Maybe Sprint Nextel Corp.'s (Sbold iPhone gamble wasn't such a bad idea after all.  At a time when many predicted Apple, Inc. (AAPL) to be fading in the smartphone race after getting outsold by Samsung Electronics Comp., Ltd.'s (KS:005930) slick Android handsets, Apple surged back with the launch of the iPhone 4S and its iconic voice-controlled assistant, Siri.  Analyst numbers place Apple in a near dead heat with Android in December U.S. smartphone sales.

And the situation is looking even better for Apple based on the just-announced earnings of Verizon Wireless, the joint venture between Verizon Communications Inc. (VZ) and Vodafone Group Plc. (LON:VOD).  

For Verizon Wireless it was a lukewarm quarter as a pension charge and another one-time expense brought a net loss of $2.02B USD ($0.71 USD/share), versus the $1.48B USD profit ($0.52 USD/share) it would have recorded without these charges.  The company did solidify its American lead, adding 1.2 million new contract subscribers (and 1.46m total new subscribers) bringing its total (contract and non-contract) customers to 108.7m and its contract customer base to 87.4m.

Smartphone sales rose from 39 percent in Q3 2011 to 44 percent in Q4 2011.  And the iPhone was king at Verizon.  Of the 7.7m smartphones sold by the carrier in Q4 2011, 4.3m (~55%) were iPhones.  Again, take that figure in -- the iPhone outsold all Android phones combined on America's largest carrier.

iPhone Lines Verizon
The iPhone remains a top draw at Verizon. [Image Source: Reuters]

Of course Verizon pays more for iPhones that the initial carrier AT&T, Inc. (T) did.  And Sprint is reportedly paying even more -- so maybe it isn't such a good deal, after all.

It's certainly a good deal for Apple, though, who reportedly pulled in almost $600 USD per Verizon iPhone sold, on models that retail for $200 USD with contract.  Verizon is doing its best to recoup this capital expenditure, with a slew of overage fees.  Reportedly the average iPhone bill on Verizon was around $100 USD with all the taxes and fees added [source].  Verizon likely pockets $80 of this, meaning that it will haul in $1,920 over the duration of a contract.  But it has to deal with the significant costs of network upgrades, power use, land use, employee pay, and more.  

Some analysts are convinced that a net profit on an iPhone may be a fatalistic quixotic fantasy.  Sanford Bernstein analyst Craig Moffett says Verizon is following in the line of AT&T in deluding itself that it will someday see a profit, but consistently failing to do so.  He writes, "The earnings pop will always be a year away."
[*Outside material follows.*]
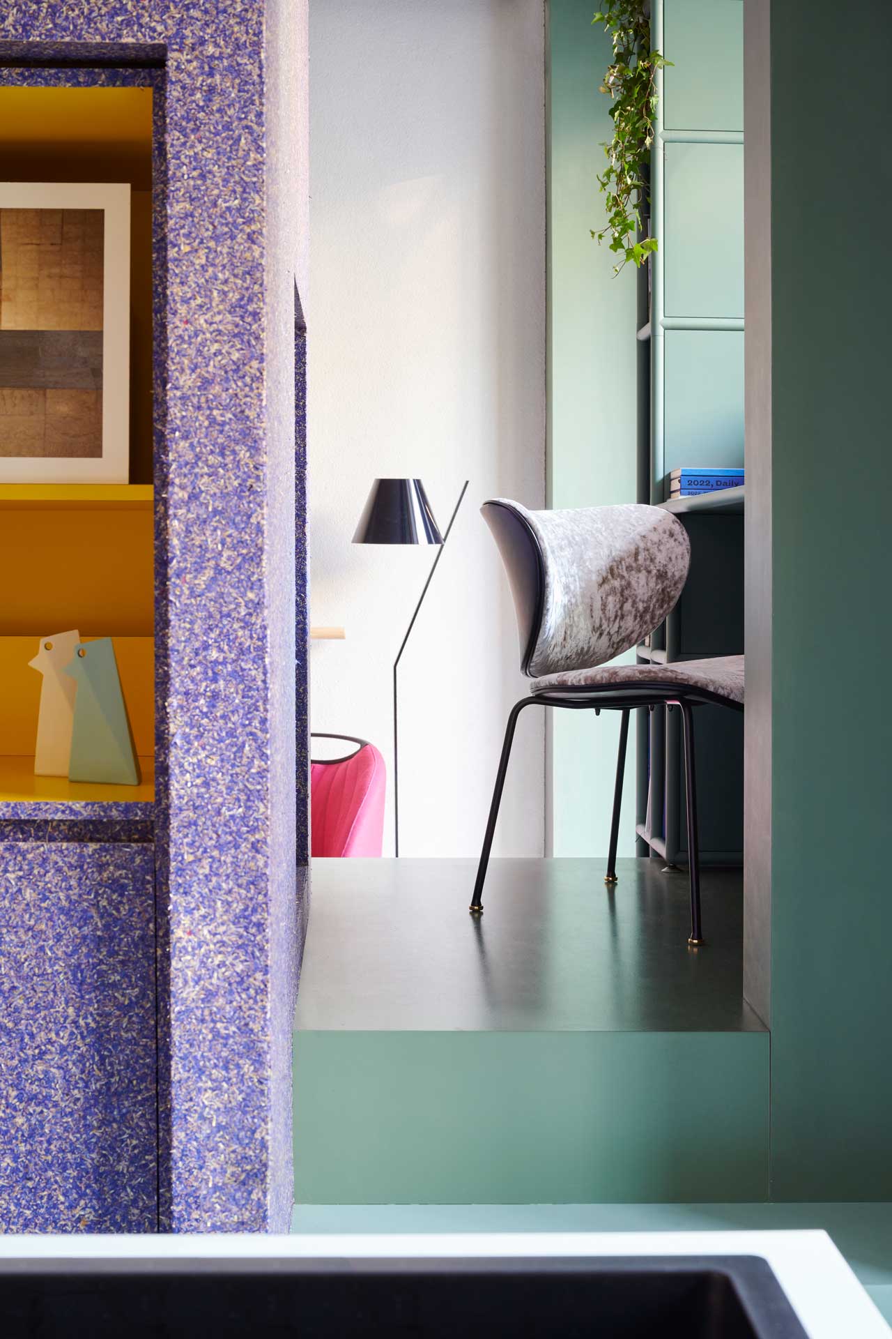 Dieser kreative Rückzugsort mit internationalen Marken lässt Designer-Herzen höherschlagen. Bei dem POSThome 2022 von ThirtyOne Design wurden organoide Naturmaterialien an den Wänden und den Möbeln integriert.

Still, if America's third and fourth largest carriers -- Sprint and Deutsche Telekom AG's (ETR:DTE) T-Mobile USA -- collapse under their respective debt, Verizon and AT&T could soon be able to significantly unilaterally increase contract rates, solving both companies' iPhone profitability dilemma.

T-Mobile iPhone
The collapse of T-Mobile and Sprint -- a possible scenario -- may hold the key to AT&T and Verizon finally profiting off of their expensive iPhone commitments. [Source: T-Mobile]

Apple is also extremely well positioned under such a scenario, given that it's the top selling model at Verizon and likely near the top at AT&T, as well.  The first major test for Apple, though, will be how it responds to the inevitable need to reinvent iOS.  On the one hand it can't sit still as Google Inc. (GOOG) unveils its slick latest Android build, Android 4.0 "Ice Cream Sandwich".  On the other hand, Apple must tread the fine line of avoiding alienating its largely non-technophile customer base with too gaudy an interface.

Android 4.0 Ice Cream Sandwich
Android 4.0 "Ice Cream Sandwich" [Image Source: Google]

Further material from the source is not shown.